Finland is the one huge exception when it comes to building ice breakers. Finnish designers have led the field for decades and Finnish yards currently turn out 60% of the world’s icebreakers. But even with Finland’s dominance in this niche, Western fleets remain thin for today’s Arctic ambitions.
A trilateral effort to rebuild
Under Davies’s leadership, Davie Shipbuilding has become a central player in the effort to restore Western maritime capability. The Québec-based company is a key participant in the ICE Pact, a trilateral initiative between Finland, Canada and the United States that pools expertise and coordinates production of advanced icebreakers.
That partnership took a major step forward last week when President Donald Trump and the President of Finland signed a memorandum of understanding to produce 11 new U.S. icebreakers—four to be built in Finland and the remainder in North America under the guidance of Finnish experts. Davies implied that the deal was the most significant level of ship building cooperation since the Second World War, saying it marks a new era in industrial strategy for Western allies.
“It’s about ensuring that we have the capability to mobilize and do what we haven’t done since the Second World War without actually having a war,” he said.
Rebuilding the industrial muscle
Davies described the decline of Western shipbuilding as a cautionary tale that has hurt not just industrial capacity, but strategic sovereignty.
“Shipbuilding used to account for more than 16 percent of GDP in the UK,” he said. “A few years later, it was half that. Today, it’s gone. The same thing happened in Sweden. Japan peaked. Now, over 70 percent of tonnage is built in China.”
For him, the solution lies in long-term investment and coordinated industrial policy. Davie Shipbuilding plans to invest roughly US$1 billion in infrastructure and workforce development to expand its Arctic shipbuilding capacity. The aim is not only to modernize shipyards, but to restore the “muscle memory” of complex vessel construction that the West once took for granted.

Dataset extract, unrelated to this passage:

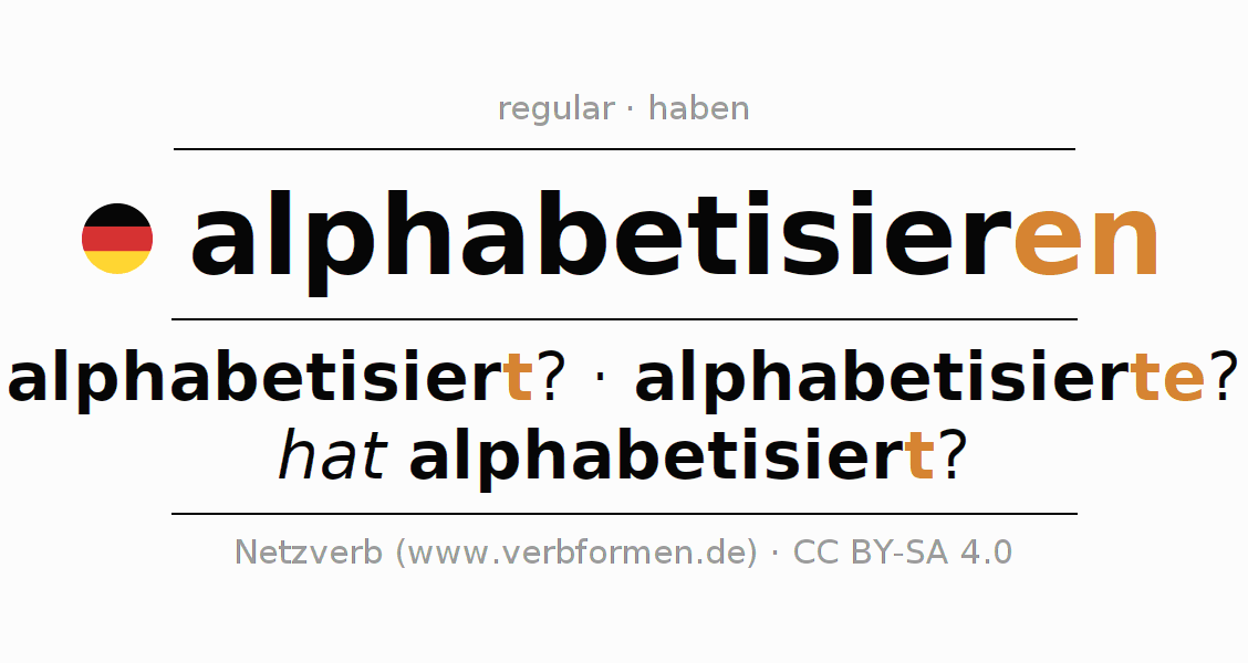 - Present: alphabetisier(e) (du), alphabetisieren wir, alphabetisiert (ihr), alphabetisieren Sie

He argued that the Eest had leaned too hard on the “invisible hand”, which had allowed market forces to replace national strategy.
Icebreakers as instruments of presence
In recent years, icebreakers have become more than just ships. Davies sees icebreakers as more than sturdy ships made of steel and steering wheels, they are both strategic tools and emblems of national resilience.
“Russia has more than 40 icebreakers,” he said. “Russia is capable in the Arctic in ways that, frankly, the West is not. If you don’t have the tools, you don’t get to play. It is that simple.”
That blunt message resonated in Reykjavík, where policymakers and business leaders gathered to discuss the economic and geopolitical implications of a newly accessible Arctic. Geopolitics in the region, seem to be only heating up and as Davies put it, the race to rebuild industrial capacity is as much about deterrence and stability as it is about economics.